WHAT IS EXPECTED:
With the pictures omitted, repeat exactly the lines below starting with the line that has "Bouclé, metallic, brand" and going on through the line that has "A rich maroon".

INFORMATION PROVIDED:
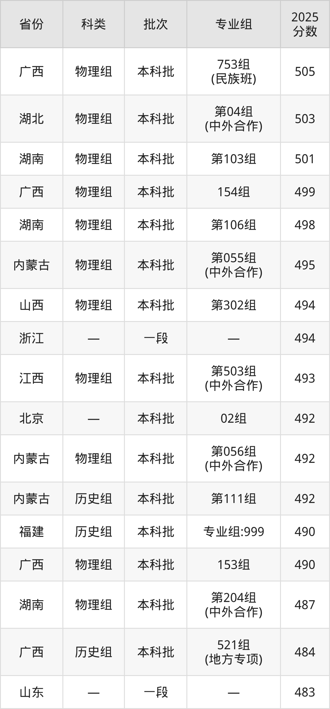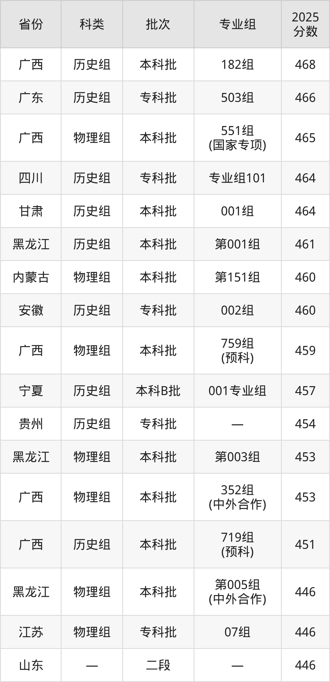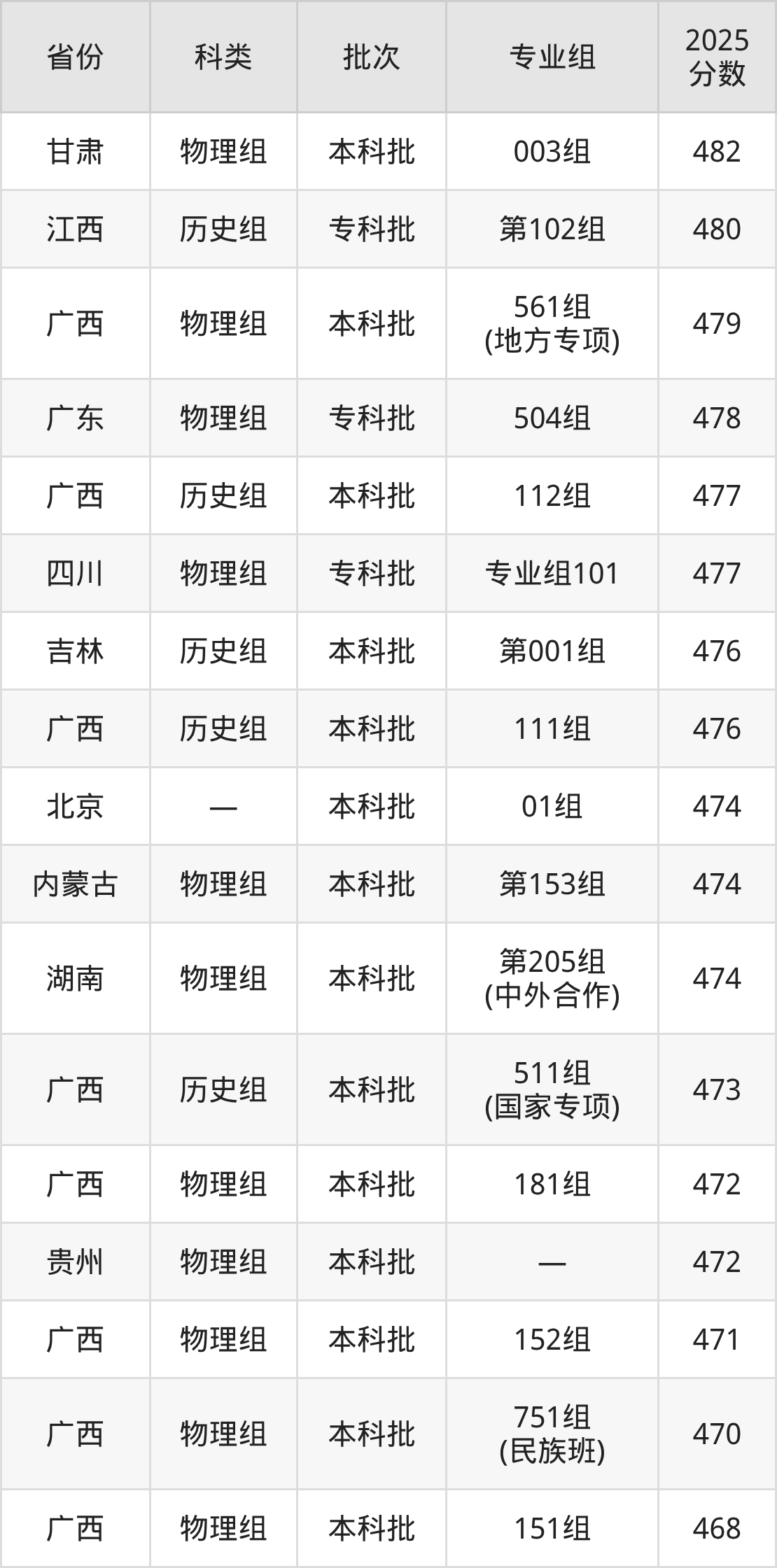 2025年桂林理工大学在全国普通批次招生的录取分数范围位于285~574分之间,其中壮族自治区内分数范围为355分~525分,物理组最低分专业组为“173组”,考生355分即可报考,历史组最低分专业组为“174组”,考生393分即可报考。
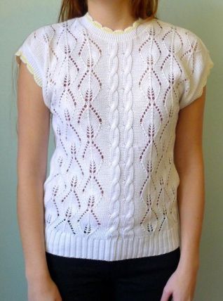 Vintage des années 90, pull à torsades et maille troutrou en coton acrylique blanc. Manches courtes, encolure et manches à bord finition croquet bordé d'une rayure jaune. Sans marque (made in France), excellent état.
* * *
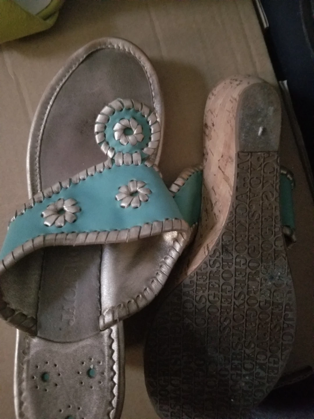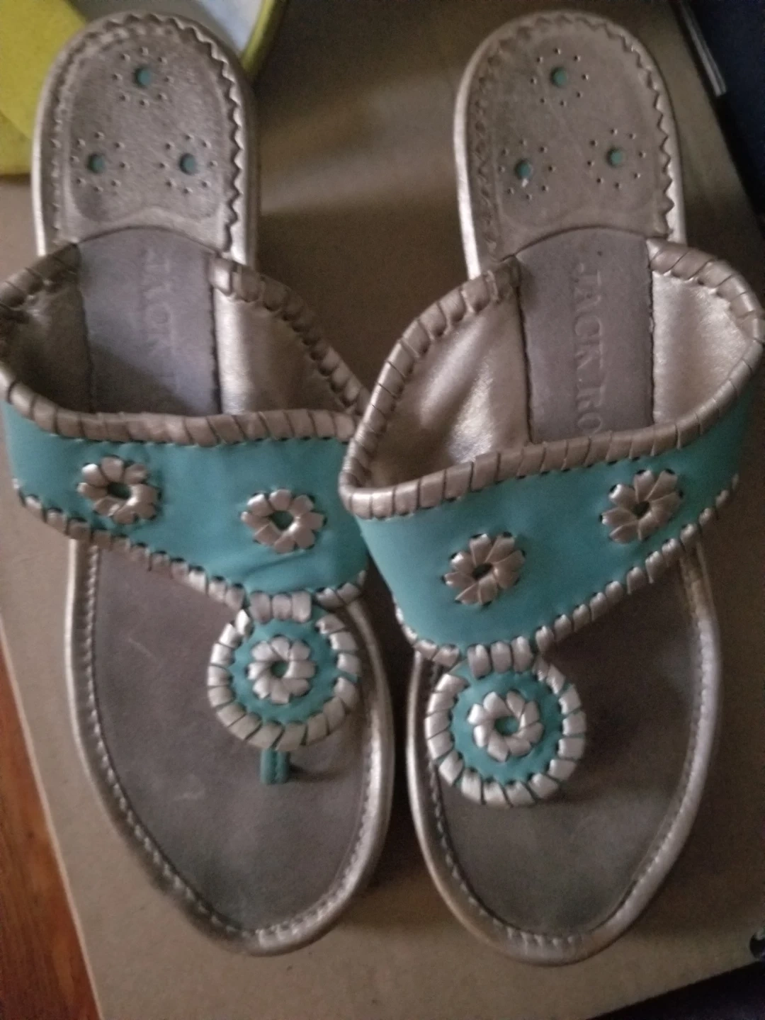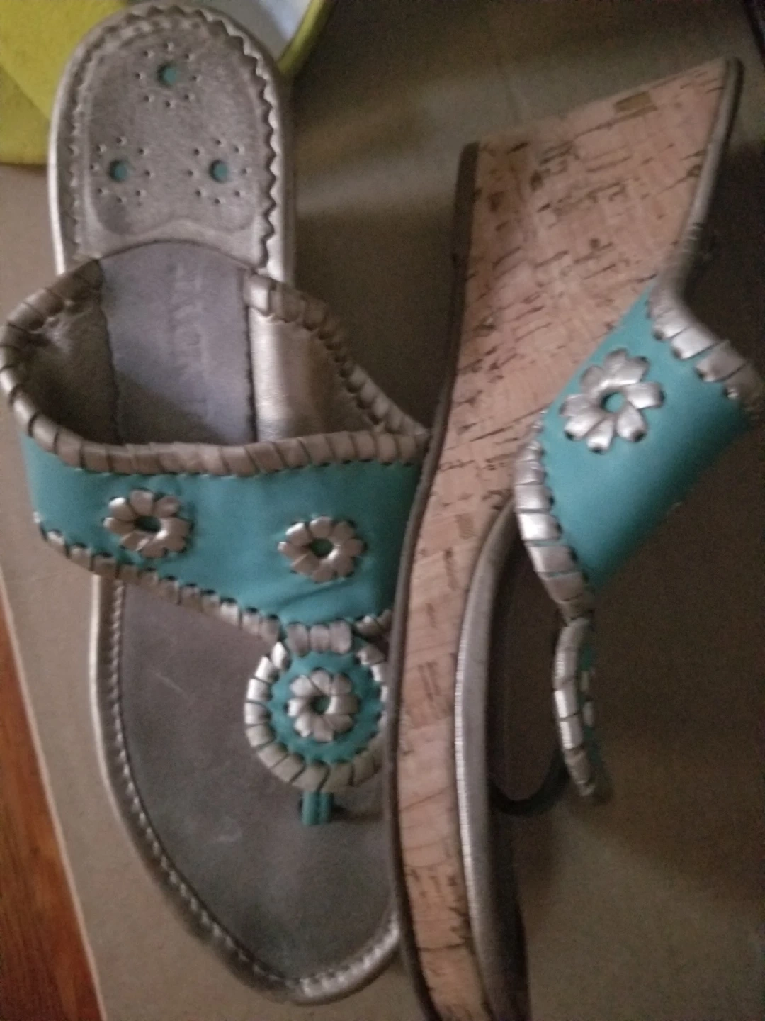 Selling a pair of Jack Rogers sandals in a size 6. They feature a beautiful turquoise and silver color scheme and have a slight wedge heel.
==
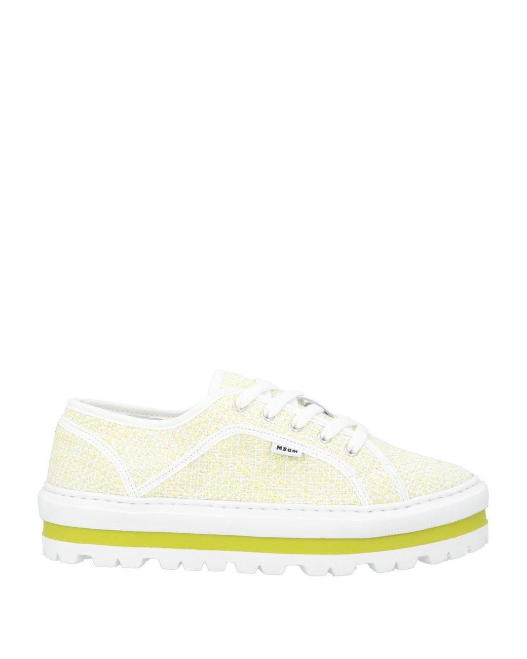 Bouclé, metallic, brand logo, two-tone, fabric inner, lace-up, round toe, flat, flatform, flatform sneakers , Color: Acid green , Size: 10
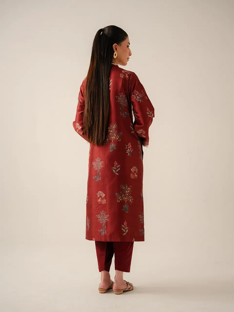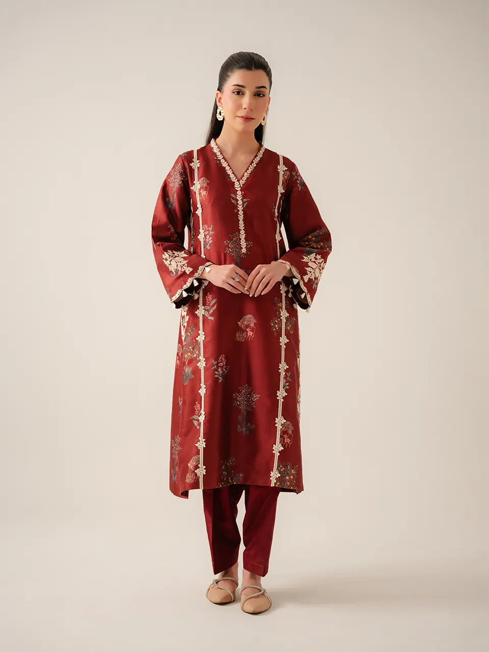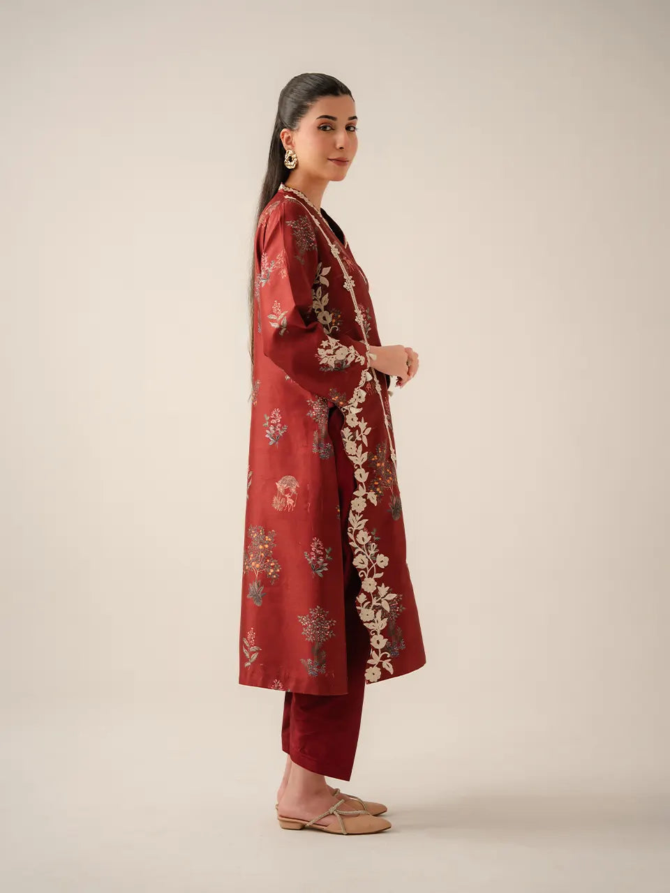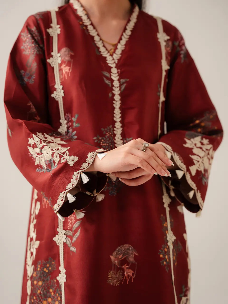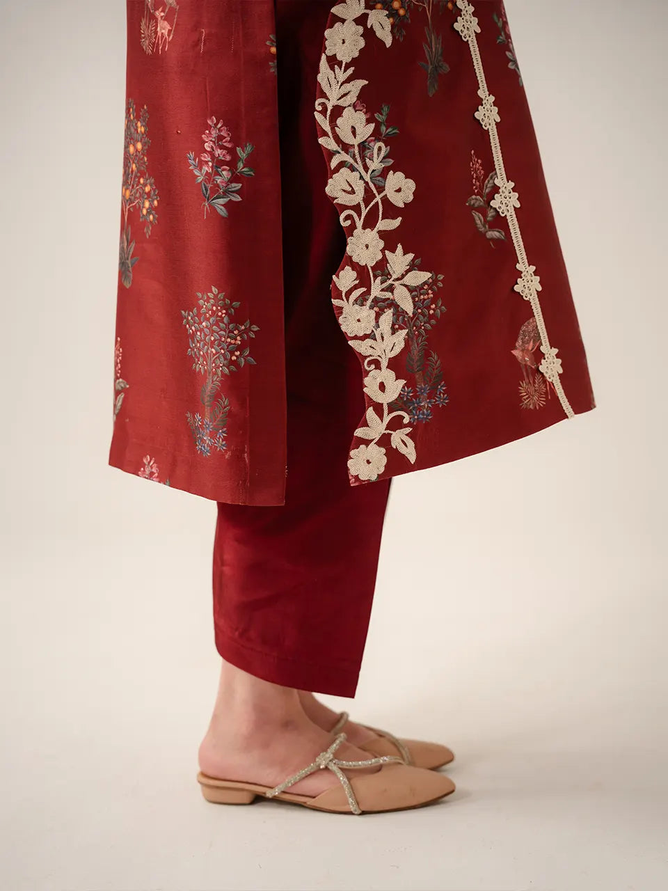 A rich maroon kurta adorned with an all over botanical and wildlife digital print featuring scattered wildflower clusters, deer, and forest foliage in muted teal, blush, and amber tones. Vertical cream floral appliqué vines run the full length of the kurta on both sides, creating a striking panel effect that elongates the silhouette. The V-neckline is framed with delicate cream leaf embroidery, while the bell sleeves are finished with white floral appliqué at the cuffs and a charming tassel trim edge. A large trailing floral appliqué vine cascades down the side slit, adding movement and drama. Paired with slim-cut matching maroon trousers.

TASK ANSWER:
 Bouclé, metallic, brand logo, two-tone, fabric inner, lace-up, round toe, flat, flatform, flatform sneakers , Color: Acid green , Size: 10
 A rich maroon kurta adorned with an all over botanical and wildlife digital print featuring scattered wildflower clusters, deer, and forest foliage in muted teal, blush, and amber tones. Vertical cream floral appliqué vines run the full length of the kurta on both sides, creating a striking panel effect that elongates the silhouette. The V-neckline is framed with delicate cream leaf embroidery, while the bell sleeves are finished with white floral appliqué at the cuffs and a charming tassel trim edge. A large trailing floral appliqué vine cascades down the side slit, adding movement and drama. Paired with slim-cut matching maroon trousers.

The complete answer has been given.